This leads Thomson to complicated notions, at one with both cynicism and romanticism about his subject. “Acting is so essential or inescapable that it easily absorbs and welcomes bad acting. So let us toss out that old chestnut that the play or the actor may help us ‘to live better.’ There is no help. The purpose of acting is to evade such considerations —a nd you can see how fruitful it has been.” In other words, we tolerate bad acting (just like we do bad criticism) while subscribing to its necessity — all day long on television, all night long on cable, across streaming mobile, and across vast iMaxes in 3D, we lurch from story to story, so many that even the profusion of today’s technology can scarcely accommodate it all. The more technology we throw at it, the further behind we fall. The Netflix firehose never quite quenches our outrageous demands on story.

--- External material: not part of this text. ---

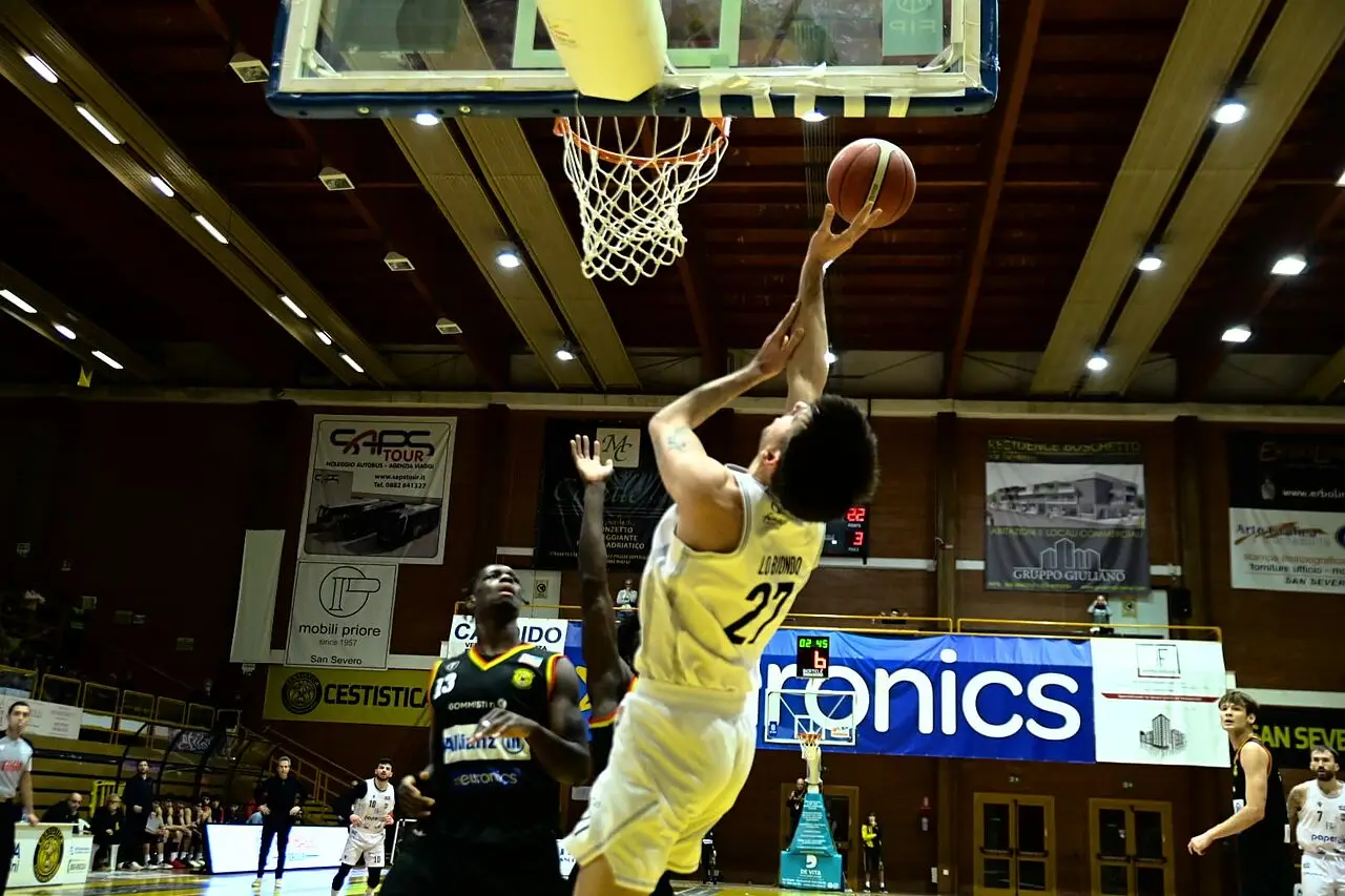 Ultimo periodo in cui la Paperdi è stata brava a sfruttare la precisione dalla distanza di Damir Hadzic e le percussioni di D’Argenzio per tenere a distanza i padroni di casa che con un canestro di Vecerina hanno raggiunto il +9 (66-75) dopo 4’49”. San Severo ha prodotto l’ultimo sforzo e, grazie alle iniziative dell’ex Lucas ed alla tripla di Mobio, è riuscita a riaprire la contesa, portandosi sul -2 con un 7-0 di parziale (73-75). È stato Brambilla a chiudere dall’angolo una precisa azione offensiva dei bianconeri; poi, Hadzic da 3 e D’Argenzio dalla linea della carità nell’ultimo giro di lancette hanno dato il +8 ai bianconeri, che poi con Hadzic dalla lunetta hanno chiuso definitivamente il confronto.

In one well-known fable, Thomson describes how Olivier came to portray Archie Rice in The Entertainer. Olivier met the playwright, John Osborne, backstage in 1956 after Look Back in Anger, a trendy piece of working-class resentment then scandalizing establishment London. Bowled over by the sheer sensation of the piece, Olivier blurted out “Maybe you could write something for me…” Osborne then created Rice, a has-been music-hall clown indifferent to the Empire’s Suez crisis. As Thomson observes, “Osborne retaliated as if to say, ‘Well, see if you can play this.'”

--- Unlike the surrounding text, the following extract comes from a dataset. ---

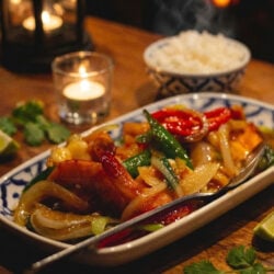 Koong pad prik sod is een vurig Thais roerbakgerecht. De naam vertaalt letterlijk naar ‘geroerbakte garnalen met verse chili’. Het onderscheidende kenmerk is het gebruik van verse chilipepers, wat zorgt voor een directe, frisse hitte in plaats van de smaak van chilipasta. Het gerecht wordt snel bereid in de wok met garnalen, knoflook, ui en een smaakvolle sausmix, en traditioneel geserveerd met rijst.

As Rice, Olivier’s pique and radiant self-contempt made stick figures of Osborne’s stage “rebels.” If the generational voltage of Anger had stumped the wry, reflective, future Knight, Archie Rice was a “typical” character he knew too well. Thomson’s description of Olivier’s Rice swells with detail: he “wore a bowler hat, a loud check jacket, a bow tie like a dildo, a cane, and a rictus grin. He was odious, slimy, pathetic, and the lowest life Olivier had ever chosen to play. But he was an arresting, insolent scoundrel, dishonesty made supreme.” And half of Olivier’s zeal lay in his understanding that Rice stood for Britain itself, a hollow empire that persisted well past history’s reckonings. As Thomson puts it, “Archie speaks to a moment in British history when the imperial bedrock was cracking and a famous actor felt the appealing risk in discarding his own heroic aplomb…” Olivier and Rice converged person and symbol.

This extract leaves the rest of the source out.